REQUIRED WORK:
What number of lines in the entries hold the string "Light"? Answer with it alone.

Extracted records:
--- START ---
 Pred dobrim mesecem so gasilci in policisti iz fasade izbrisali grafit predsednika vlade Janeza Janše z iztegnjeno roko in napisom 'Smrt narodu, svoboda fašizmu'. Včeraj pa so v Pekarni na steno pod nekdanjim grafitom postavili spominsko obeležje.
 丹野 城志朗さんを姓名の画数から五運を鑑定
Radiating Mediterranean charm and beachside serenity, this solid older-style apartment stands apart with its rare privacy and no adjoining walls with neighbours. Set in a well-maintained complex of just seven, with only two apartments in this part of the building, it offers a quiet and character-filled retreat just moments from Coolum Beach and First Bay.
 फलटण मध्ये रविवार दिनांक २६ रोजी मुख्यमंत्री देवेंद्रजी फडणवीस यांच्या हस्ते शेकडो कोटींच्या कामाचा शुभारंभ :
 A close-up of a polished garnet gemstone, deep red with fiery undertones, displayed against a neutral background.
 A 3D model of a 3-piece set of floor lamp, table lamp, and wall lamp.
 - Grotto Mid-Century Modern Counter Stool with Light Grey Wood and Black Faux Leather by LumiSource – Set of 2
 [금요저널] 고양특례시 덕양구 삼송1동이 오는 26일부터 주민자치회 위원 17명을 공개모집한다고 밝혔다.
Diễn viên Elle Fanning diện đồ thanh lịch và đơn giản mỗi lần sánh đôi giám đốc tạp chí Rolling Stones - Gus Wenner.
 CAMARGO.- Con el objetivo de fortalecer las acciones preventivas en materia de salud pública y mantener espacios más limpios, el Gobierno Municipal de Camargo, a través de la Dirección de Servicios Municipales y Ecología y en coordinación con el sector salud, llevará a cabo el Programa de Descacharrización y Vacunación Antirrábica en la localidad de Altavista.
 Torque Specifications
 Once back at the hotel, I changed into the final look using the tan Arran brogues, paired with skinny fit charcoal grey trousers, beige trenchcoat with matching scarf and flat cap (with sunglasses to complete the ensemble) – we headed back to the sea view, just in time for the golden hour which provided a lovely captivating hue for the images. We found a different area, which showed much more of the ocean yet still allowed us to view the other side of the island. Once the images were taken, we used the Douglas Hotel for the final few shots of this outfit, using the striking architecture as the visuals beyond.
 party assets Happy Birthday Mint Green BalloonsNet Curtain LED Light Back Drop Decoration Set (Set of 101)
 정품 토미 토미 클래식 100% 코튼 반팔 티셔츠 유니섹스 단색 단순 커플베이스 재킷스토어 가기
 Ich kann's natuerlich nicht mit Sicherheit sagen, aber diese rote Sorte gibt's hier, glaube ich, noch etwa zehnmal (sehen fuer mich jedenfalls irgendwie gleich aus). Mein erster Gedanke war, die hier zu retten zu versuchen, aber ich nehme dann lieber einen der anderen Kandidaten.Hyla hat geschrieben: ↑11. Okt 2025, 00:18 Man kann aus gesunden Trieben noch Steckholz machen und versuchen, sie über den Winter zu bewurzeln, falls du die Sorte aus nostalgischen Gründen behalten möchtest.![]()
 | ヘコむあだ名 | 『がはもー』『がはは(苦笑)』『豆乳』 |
--- END ---
FINISHED TASK:
2